● TASK INSTRUCTIONS
Please write out exactly the lines from the one with "к схеме водоснабжения" through the end of the data below, both ends included, and omit any pictures.

● SUPPLIED DATA

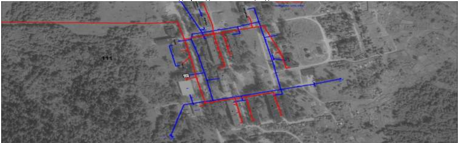
Схема водопровода и канализации д. Ивантеево

к схеме водоснабжения и водоотведения на территории Ивантеевского сельского поселения
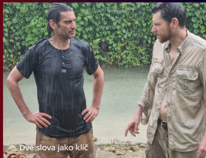
Dvě slova jako klíč

producent: Film Kolektiv kreativní producentka: Helena Uldrichová
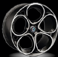
20" disky z lehkých slitin Speciale (Sprint a Veloce WRD)

● OUTPUT FOR THIS EXERCISE
к схеме водоснабжения и водоотведения на территории Ивантеевского сельского поселения
Dvě slova jako klíč

producent: Film Kolektiv kreativní producentka: Helena Uldrichová
20" disky z lehkých slitin Speciale (Sprint a Veloce WRD)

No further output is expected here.